> **WHAT TO PRODUCE**
Print exactly the line that contains "回答者のうち、『そうだ』が3", then every following line through the end of the material; include nothing else and no pictures.

> **DATA**

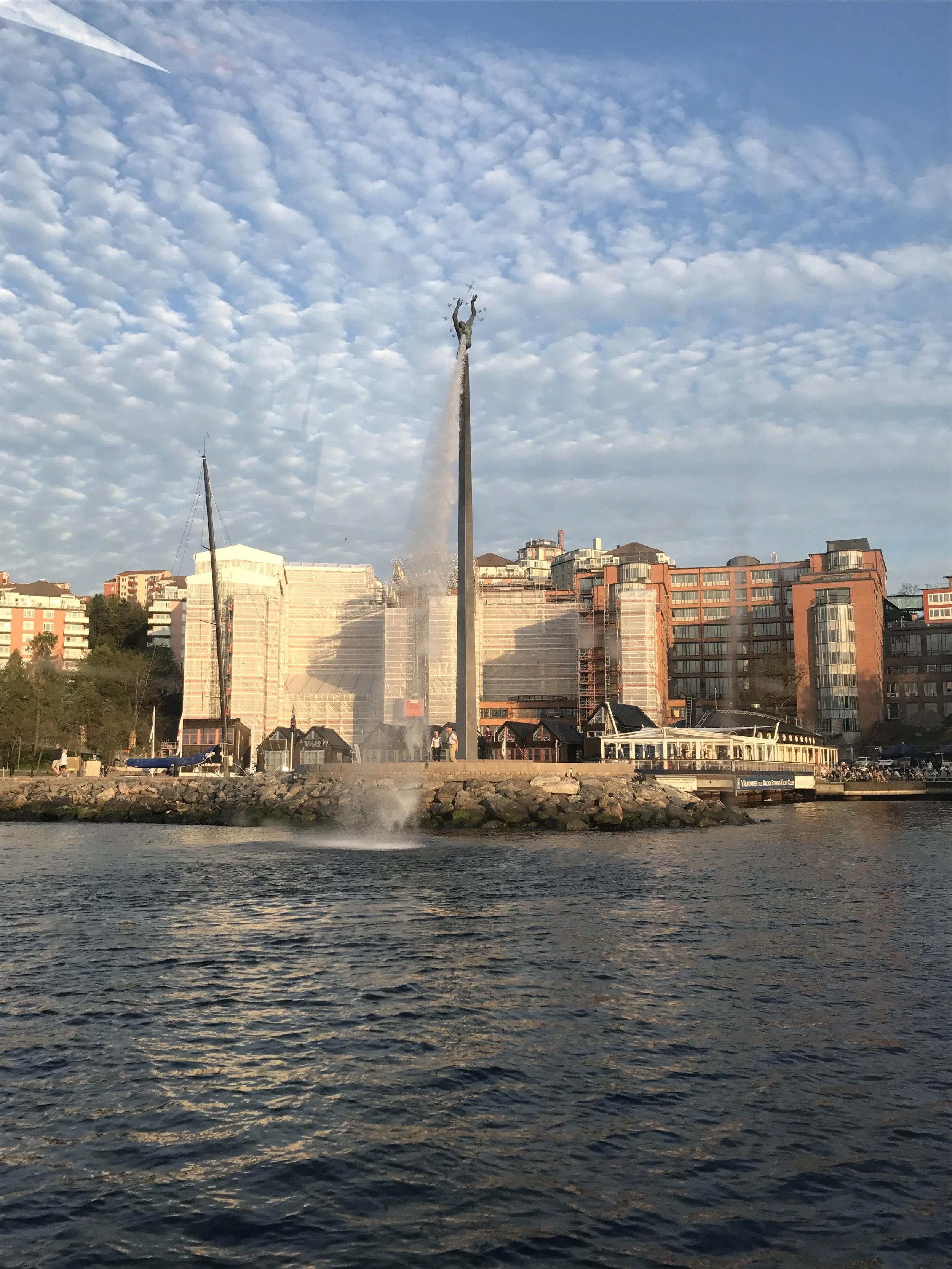 Named "God our Father on the Rainbow", this sculpture/fountain really caught my attention! There are angels handing God stars to be placed in heaven. Such a meaningful work of art.The sun hit it at just the right angle. It's on the pier at Nacka Strand, where you can find shops and restaurants. This just adds to the splendor of Sweden's coastline.
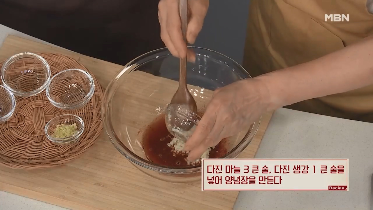 5. 다진마늘 3큰술, 다진 생강 1큰술을 넣어 양념장을 만들어줍니다.
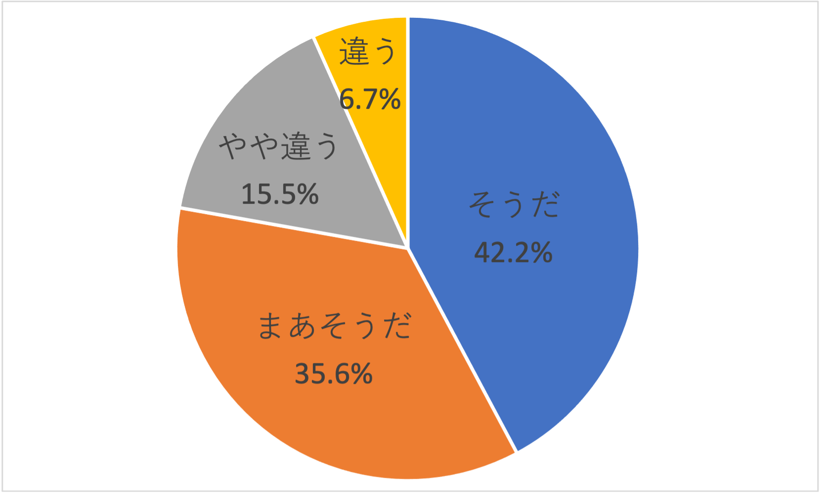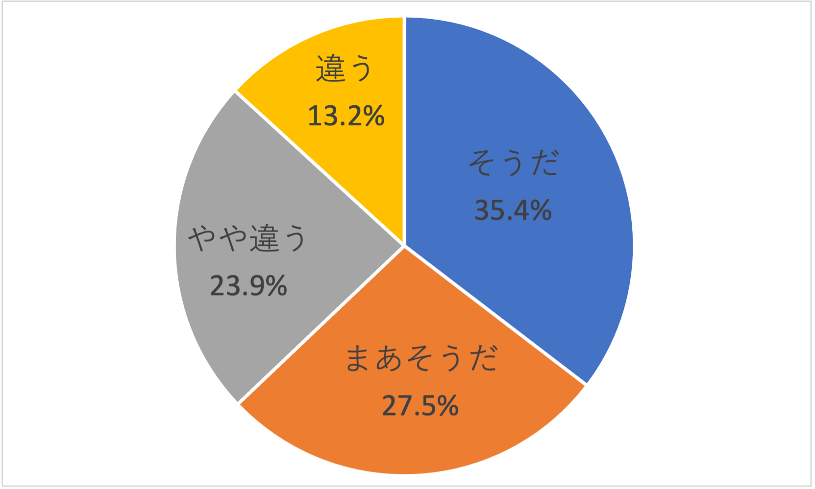 回答者のうち、『そうだ』が32.7%、『まあそうだ』が24.6%となり、合計57.3%という結果になりました。職場環境とは一見関係ないようにも思いますが、私生活と仕事を完全に切り離すことが難しい方もいます。仕事中も気になってしまうほど大きな悩みを抱えている場合は、一旦休職して身心をリフレッシュすることも検討してみましょう。
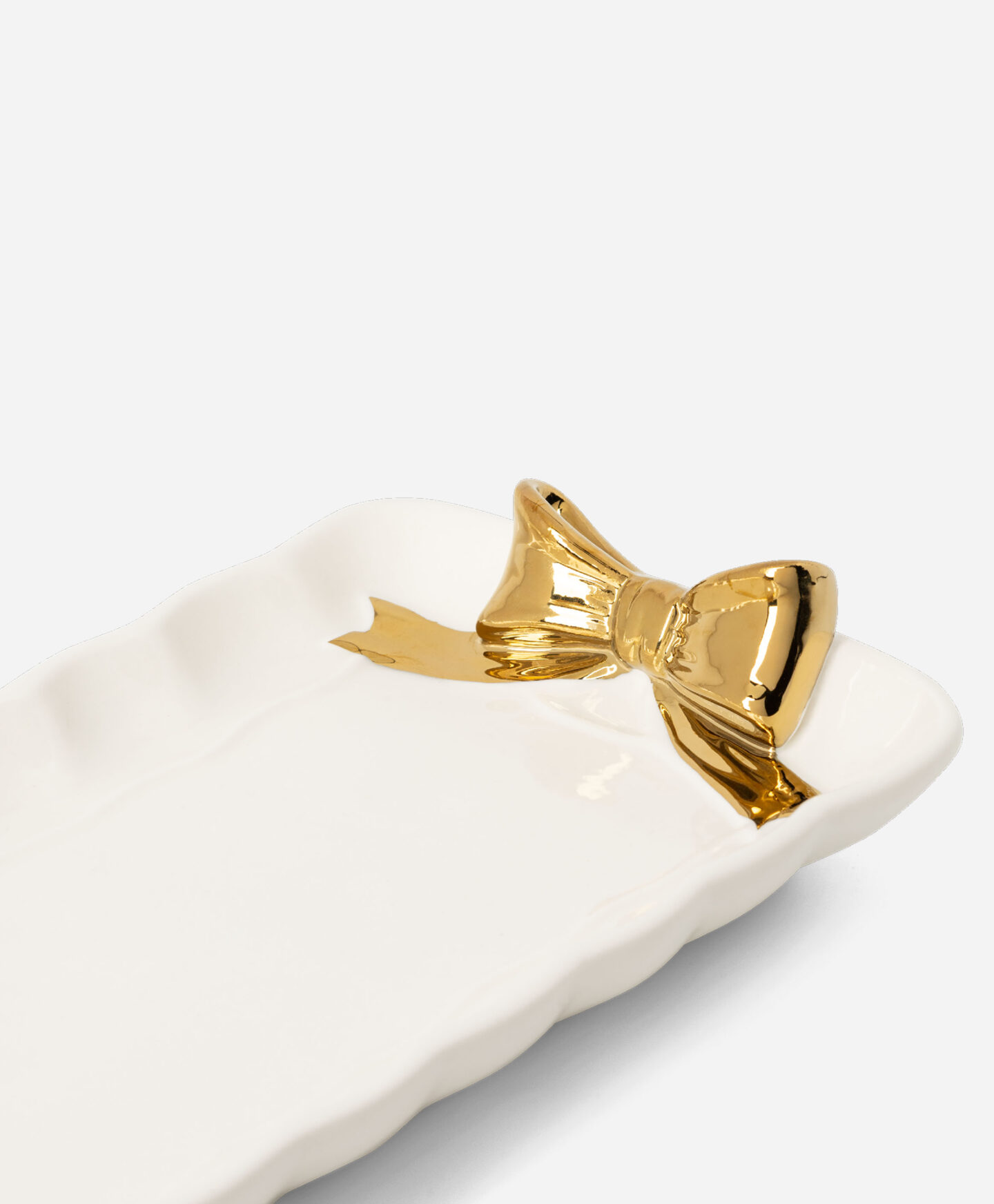 Keramični krožnik za pecivo z okrasnimi zlatimi pentljami je sinonim za eleganco in stil. Izdelan je iz trpežne kamenine, zato ni samo enostaven za čiščenje, temveč tudi čudovit dekorativni element omizja. Sijoč finiš odbija svetlobo, zaradi česar bo krožnik predstavljal središče omizja. Kot nalašč je za postrežbo peciva, sadja ali prigrizkov za goste.

> **OUTPUT FOR THIS EXERCISE**
 回答者のうち、『そうだ』が32.7%、『まあそうだ』が24.6%となり、合計57.3%という結果になりました。職場環境とは一見関係ないようにも思いますが、私生活と仕事を完全に切り離すことが難しい方もいます。仕事中も気になってしまうほど大きな悩みを抱えている場合は、一旦休職して身心をリフレッシュすることも検討してみましょう。
 Keramični krožnik za pecivo z okrasnimi zlatimi pentljami je sinonim za eleganco in stil. Izdelan je iz trpežne kamenine, zato ni samo enostaven za čiščenje, temveč tudi čudovit dekorativni element omizja. Sijoč finiš odbija svetlobo, zaradi česar bo krožnik predstavljal središče omizja. Kot nalašč je za postrežbo peciva, sadja ali prigrizkov za goste.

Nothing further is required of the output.